How do you write $ {{64}^{\dfrac{1}{3}}} $ in radical form?

Answer 1

Hint: We will see the definition of exponents. We will see the case where an exponent is a fraction. We will look at the definition of a radical and an example of a radical. We will use this definition to convert the given number with its exponent into its radical form. We will be able to simplify the radical obtained by factorizing it.

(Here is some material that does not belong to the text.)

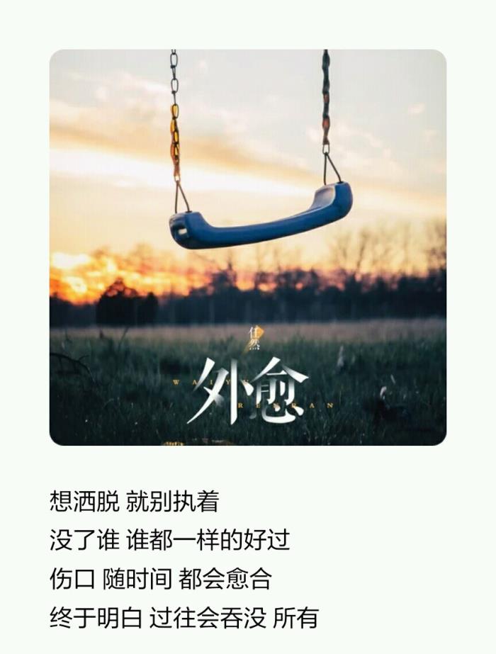 《外愈》也是任然早期的歌了,任然的声音很有特色,声音强硬透着一股忧伤沙哑,很有故事感。做个洒脱的人,执着过去终究也换不回什么。时间是世上最好的疗伤圣药,与其花时间悲伤,不如更好对自己,没有他,我们不也照样活着,而且还要活得更精彩。
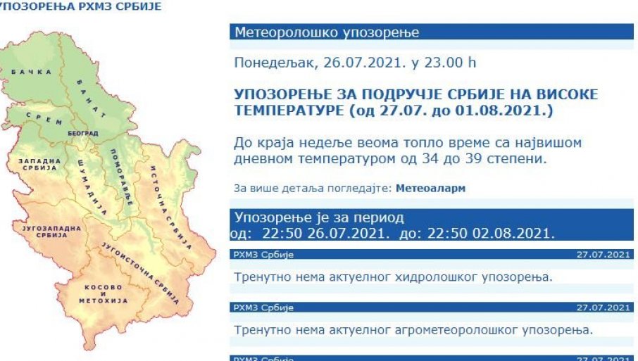 ПОЧИЊЕ ЈОШ ЈЕДАН ТРОПСКИ ТАЛАС: РХМЗ упозорава на веома топло време - упаљен метео аларм

Complete step by step answer:
The exponent is defined as the power to which a given number or expression is to be raised. So, in the expression $ {{a}^{b}} $ , the exponent is $ b $ and the base is $ a $ . Now, if the exponent is a fraction, then we get a root of the base. This root corresponds to the denominator of the fraction. So, if we have $ {{a}^{\dfrac{1}{b}}} $ , then we are looking for the $ {{b}^{th}} $ root of $ a $ . A radical is defined to be the symbol that represents this number with a fraction as an exponent. The symbol is $ \sqrt[b]{a} $ which denotes the $ {{b}^{th}} $ root of $ a $ . That means we have $ {{a}^{\dfrac{1}{b}}}=\sqrt[b]{a} $ . As an example, we can look at the cube root of 27. We know that the cube root of 27 is 3. Its radical form is $ \sqrt[3]{27} $ and its exponent form is $ {{27}^{\dfrac{1}{3}}} $ .
The given exponent form is $ {{64}^{\dfrac{1}{3}}} $ . Using the definition, we can write its radical form as $ \sqrt[3]{64} $ . We can simplify this radical form by finding the cube root of 64. We can factorize 64 as
 $ 64=4\times 4\times 4 $
Therefore, the cube root of 64 is 4. That means $ {{64}^{\dfrac{1}{4}}}=\sqrt[3]{64}=4 $ .

Note:
We should be familiar with the meaning of exponents and different rules of exponents. These rules are very useful in simplification while doing calculations. It is important to know how to calculate the square root and cube root of any given number. A factorization is an essential tool for simplifying calculations and also for finding the square roots or cube roots of numbers.